Voice Engine is impressive voice cloning technology but are we ready for it? Not yet according to its maker OpenAI, as it’s only allowed private testing with a small group of trusted partners.
OpenAI is sharing examples but not public access to its synthetic voice technology.
What makes Voice Engine different to other cloning applications is speed. From a 15 second sample, it can build a believable synthesised version of a real person speaking. All you do is write a phrase and it will convert that text into voice.
OpenAI is testing the waters with Voice Engine and Sora. Both are world changing platforms which must be used responsibly. By giving the world a working preview, OpenAI can take steps to allay fears or make changes.

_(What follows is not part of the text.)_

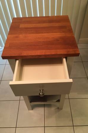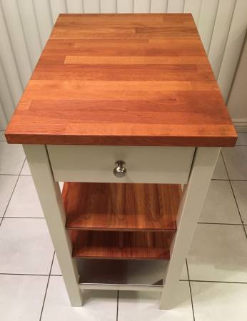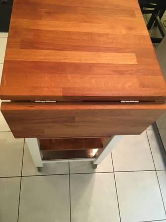 Selling an Ikea Stenstorp Kitchen Island/Trolley with a butcher block top in like new condition for only $60. This has an extended leaf top which adds 8" length to the back and 2 adjustable height solid wood shelves, and wheels on one side so it can be rolled. Bottom shelf is stainless steel. The butcher block top and wood shelves have been regularly oiled and never used for cutting so they are in perfect condition.

“We first developed Voice Engine in late 2022, and have used it to power the preset voices available in the text-to-speech API as well as ChatGPT Voice and Read Aloud,” OpenAI says on its blog.
“At the same time, we are taking a cautious and informed approach to a broader release due to the potential for synthetic voice misuse.”

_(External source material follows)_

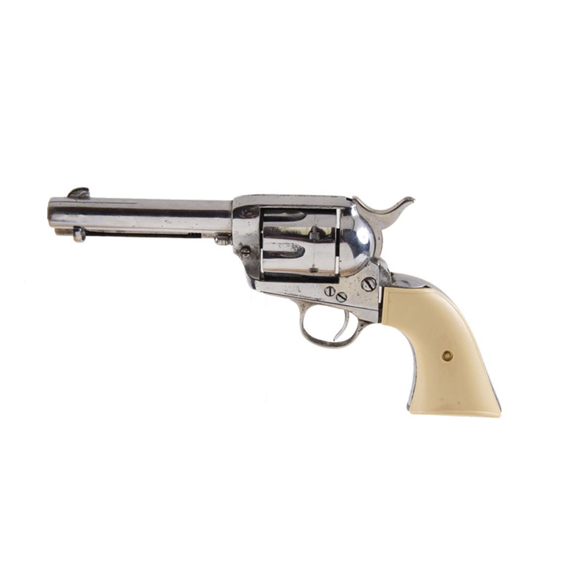 Condition: FairFirst Generation Colt SAA in .32-20 caliber to match the rifle cartridge. Nickel refinish, simulated ivory grips with snake and eagle symbol molded in, 4 5/8" barrel with fixed sights, good bore and action.Condition: Fair showing aggressive refinishing which has removed most of the stampings, and some of the pitting still shows through. Have a gunsmith check this one out as a great shooter.

We showed how it works during our Sky News Weekend Edition tech segment below.
OpenAI says it’s committed to developing “safe and broadly beneficial AI” and hoping to start a dialogue on the responsible deployment of synthetic voices. One of those responsible uses is providing reading assistance to non-readers and kids through natural-sounding animated voices. Education tech company, Age of Learning, uses Voice Engine and GPT-4 to create real-time, personalised responses to interact with students.

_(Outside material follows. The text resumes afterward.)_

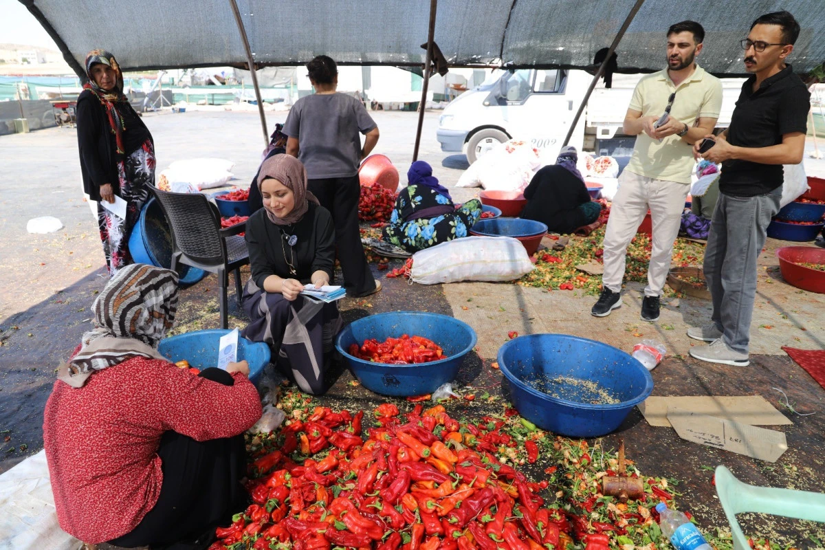 Şanlıurfa İl Sağlık Müdürlüğü tarafından Biber Temizleme Alanlarında Kanser Taramaları ve Bağımlılıkla Mücadele Anlatıldı.

There are other worthy reasons for using voice cloning technology but the bad reasons are very bad. Our voice is often used to verify who we are so in the wrong hands, this type of technology could be dangerous. In fact, OpenAI is encouraging the phasing out of voice -based authentication security.
“We recognise that generating speech that resembles people’s voices has serious risks, which are especially top of mind in an election year,” OpenAI says on its blog post.
“We are engaging with U.S. and international partners from across government, media, entertainment, education, civil society and beyond to ensure we are incorporating their feedback as we build.
“We believe that any broad deployment of synthetic voice technology should be accompanied by voice authentication experiences that verify that the original speaker is knowingly adding their voice to the service and a no-go voice list that detects and prevents the creation of voices that are too similar to prominent figures.”
These are historic times. Let’s hope we look back and say in a real or synthetic voice, “gee they handled that well.”